Supporters of the referendum overwhelmingly approved on Election Day fully expected a legal showdown over caps on individual contributions to so-called super PACs. They hoped the referendum would trigger a case and ultimately prompt the U.S. Supreme Court to clarify the matter of donor limits after the court opened the floodgates to independent spending in its 2010 Citizens United decision.
The lawsuit brought by Dinner Table Action and For Our Future, and supported by the Institute for Free Speech, contends the state law limiting individual super PAC donations to $5,000 and requiring disclosure of donor names runs afoul of that Citizens United legal precedent.
“All Americans, not just those running for office, have a fundamental First Amendment right to talk about political campaigns,” lawyers wrote in the lawsuit in federal court. “Their ‘independent expenditures,’ payments that fund political expression by those who are not running for office but nonetheless have something to say about a campaign, are a vital feature of our democracy.”
Cara McCormick, leader of the Maine Citizens to End Super PACs, which pressed for the referendum, said the lawsuit attempts to undermine the will of the people after an overwhelming majority — 74% of voters — approved the referendum last month.
“Super PACs are killing the country and in Maine we decided to do something about it. We want to restore public trust in the political process,” she said. “We want to say that in Maine we are not resigned to the tide of big money. We are the tide.”
But Alex Titcomb, executive director of Dinner Table Action, argued Friday that the government “cannot restrict independent political speech simply because some voters wish to limit the voices of their fellow citizens.”
Named in the lawsuit are Maine’s attorney general and the state’s campaign spending watchdog, the Maine Commission on Governmental Ethics and Election Practices. The ethics commission is reviewing the complaint, said Jonathan Wayne, executive director.
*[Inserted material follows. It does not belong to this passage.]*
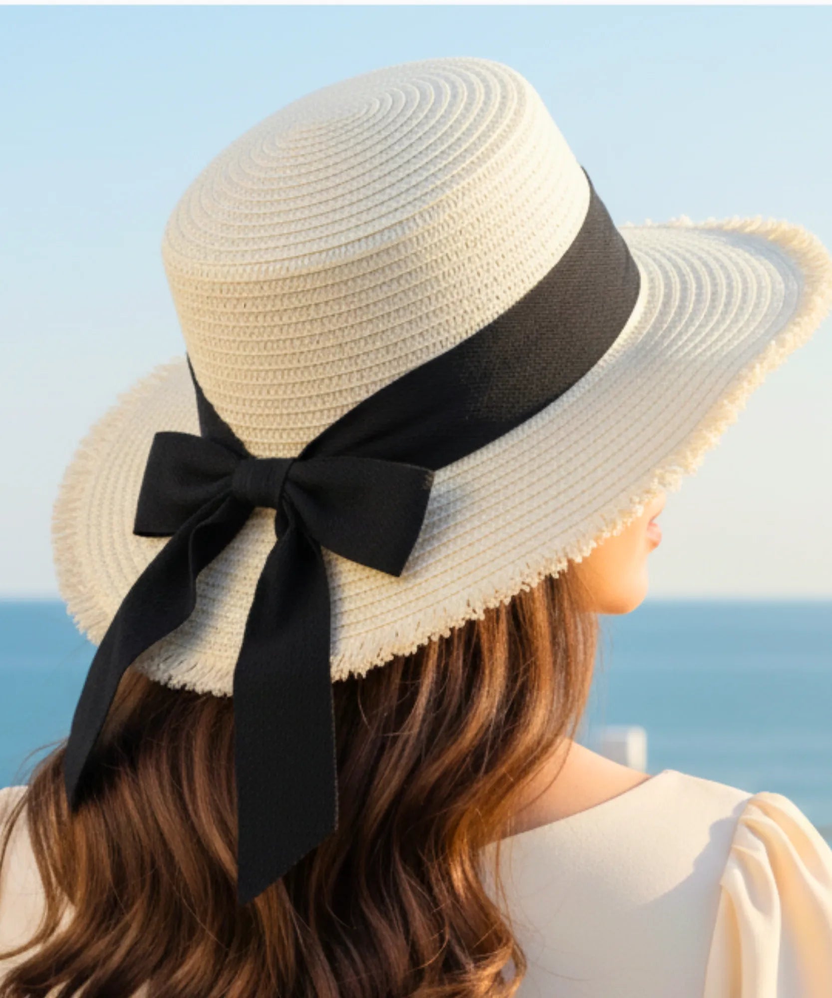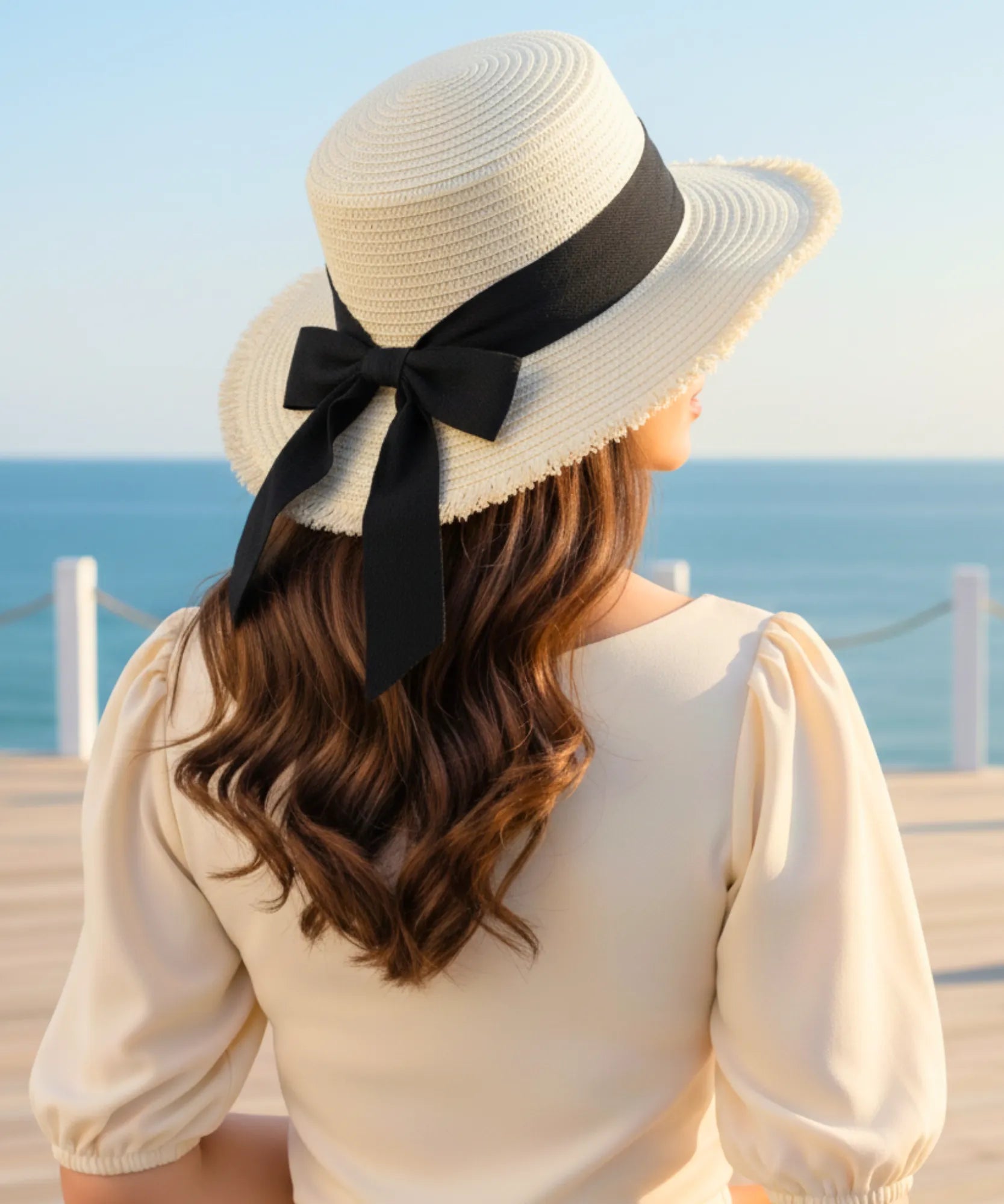 O charme concentra-se na fita preta generosa que envolve a copa. O contraste cromático entre preto intenso e bege natural cria ponto focal elegante. As pontas longas permitem amarrar de diferentes formas - laço lateral clássico, nó traseiro discreto ou até deixar solto para movimento.
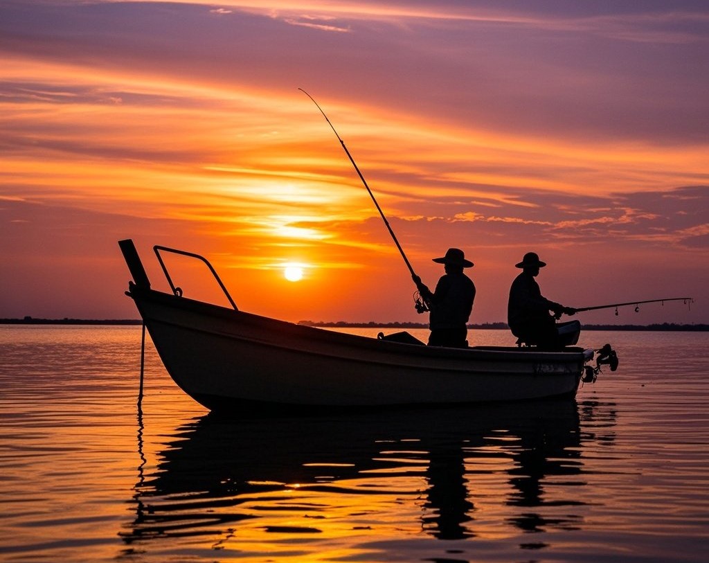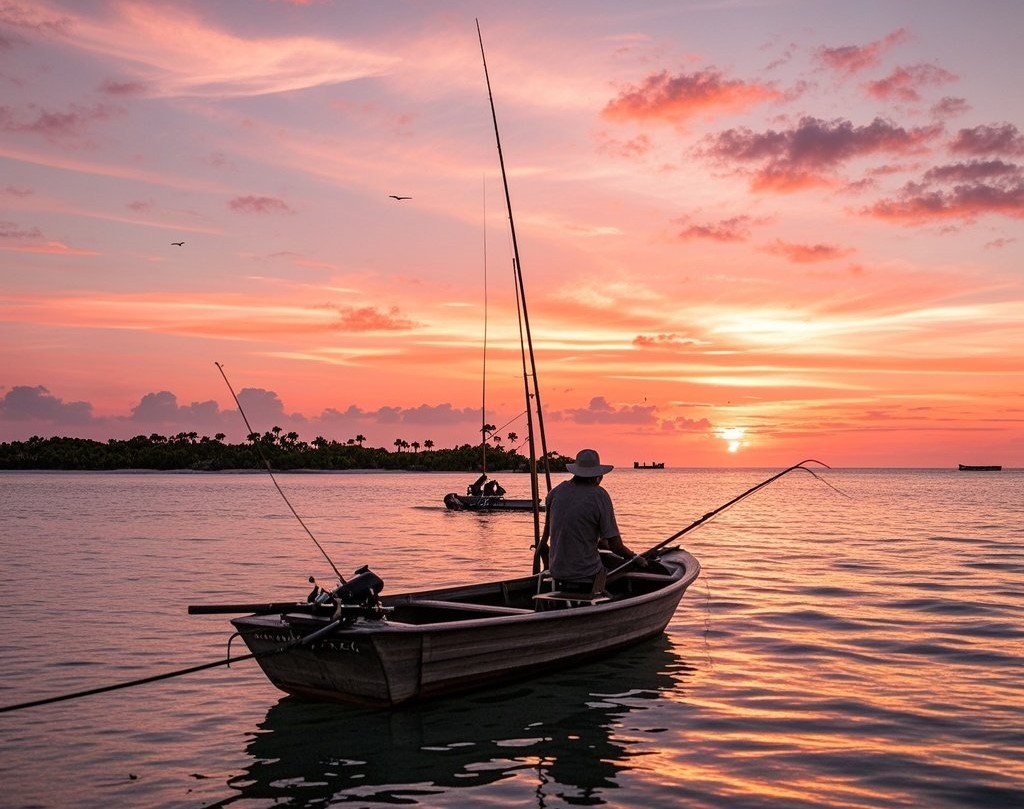 When the sun starts to set, the sky bursts into colors—pink, orange, and gold. This soft light wraps around the sea, turning every fish caught into a golden memory, as if the whole world pauses to admire the beauty.

The Maine referendum didn’t attempt to limit spending on behalf of candidates. Instead, it focused on limits on individual donations to super PACS, an area the Supreme Court has not ruled on, observers say.
Harvard Law School professor Lawrence Lessig, a longtime advocate for campaign finance reform, contends the U.S. Supreme Court has not ruled on the issue of individual contributions to PACs, and long-established case law supports the notion that states can limit individual contributions to PACs despite a decision to the contrary by the Court of Appeals for the District of Columbia.
Lessig, whose Equal Citizens nonprofit backed the Maine referendum, previously said the cap on donations imposed by the referendum “is not asking the Supreme Court to change its jurisprudence, not asking them to overturn Citizens United.”